== Supplied material ==
__________

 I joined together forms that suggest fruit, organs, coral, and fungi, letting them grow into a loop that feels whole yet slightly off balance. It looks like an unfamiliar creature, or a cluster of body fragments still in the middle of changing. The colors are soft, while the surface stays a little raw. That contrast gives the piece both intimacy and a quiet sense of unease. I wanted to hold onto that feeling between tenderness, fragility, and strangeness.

__________

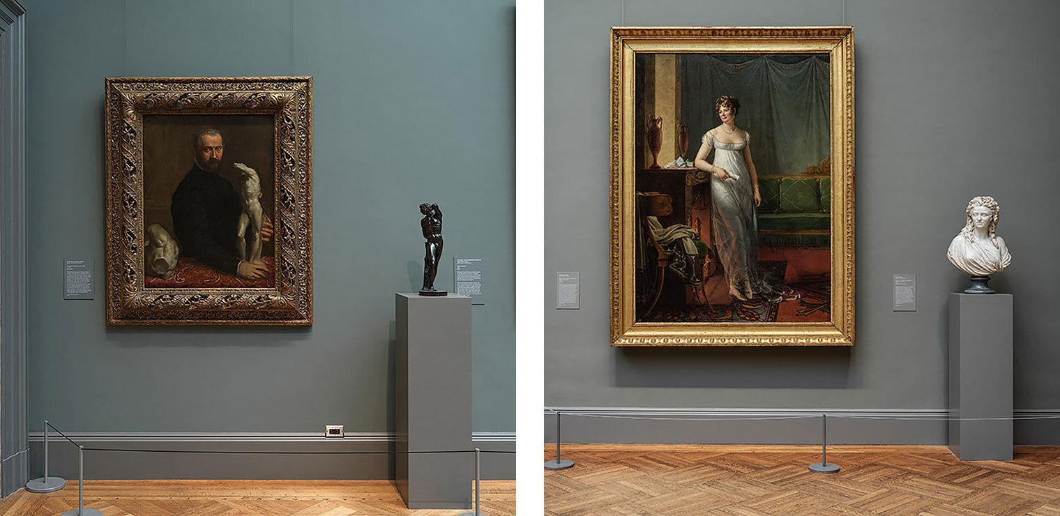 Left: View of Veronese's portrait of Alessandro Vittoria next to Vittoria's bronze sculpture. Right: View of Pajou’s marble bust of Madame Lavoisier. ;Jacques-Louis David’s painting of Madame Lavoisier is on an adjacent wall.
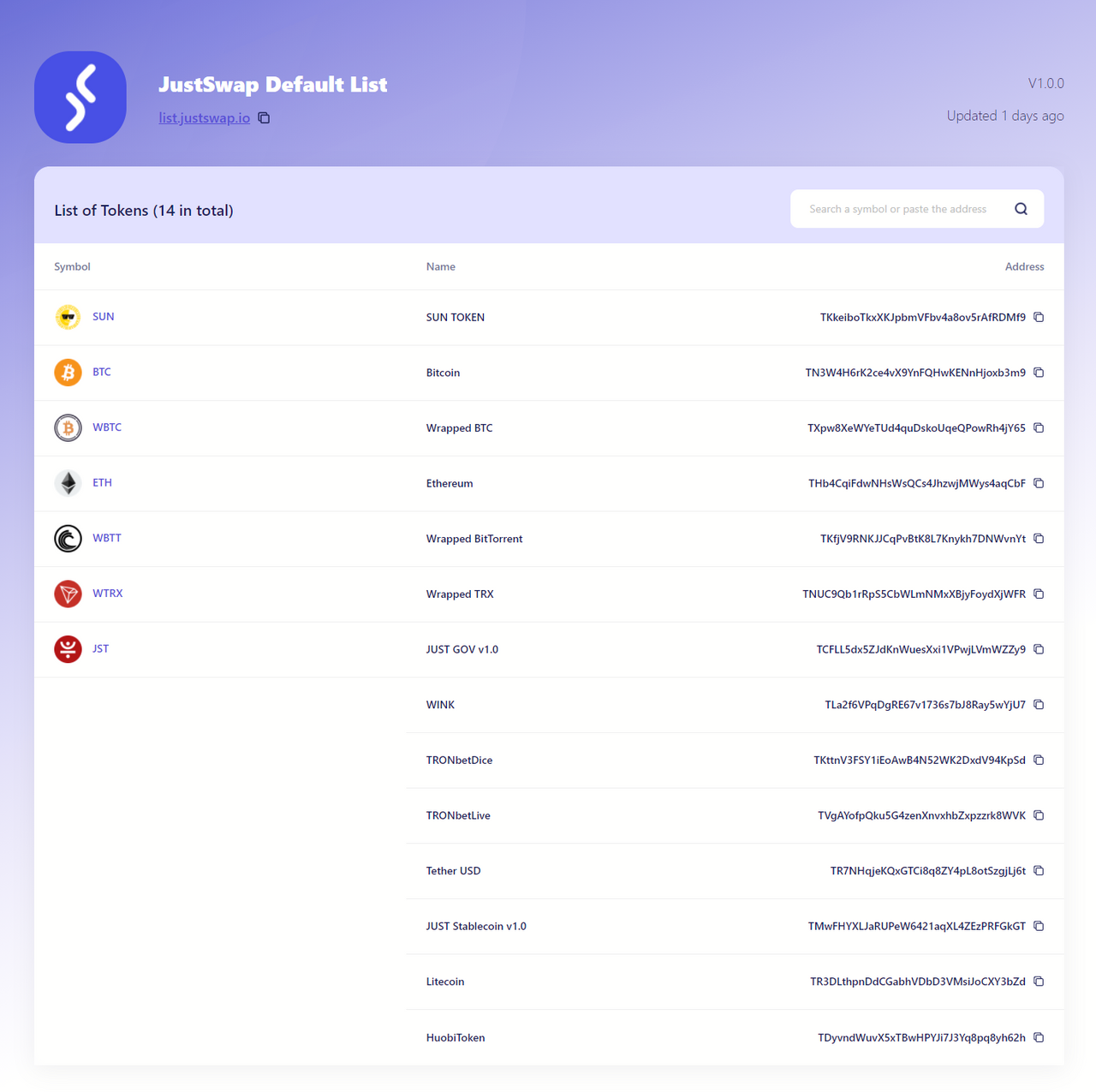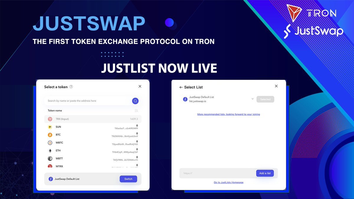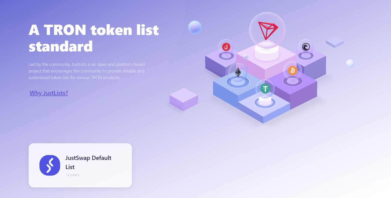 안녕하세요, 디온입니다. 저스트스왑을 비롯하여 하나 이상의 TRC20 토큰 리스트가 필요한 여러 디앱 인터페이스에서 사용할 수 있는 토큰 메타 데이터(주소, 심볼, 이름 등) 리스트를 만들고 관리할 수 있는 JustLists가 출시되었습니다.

__________

Reproduce exactly, with no pictures, the lines above from the one holding "Left: View of" to the one holding "안녕하세요, 디온입니다. 저스트스왑을", inclusive.

 Left: View of Veronese's portrait of Alessandro Vittoria next to Vittoria's bronze sculpture. Right: View of Pajou’s marble bust of Madame Lavoisier. ;Jacques-Louis David’s painting of Madame Lavoisier is on an adjacent wall.
 안녕하세요, 디온입니다. 저스트스왑을 비롯하여 하나 이상의 TRC20 토큰 리스트가 필요한 여러 디앱 인터페이스에서 사용할 수 있는 토큰 메타 데이터(주소, 심볼, 이름 등) 리스트를 만들고 관리할 수 있는 JustLists가 출시되었습니다.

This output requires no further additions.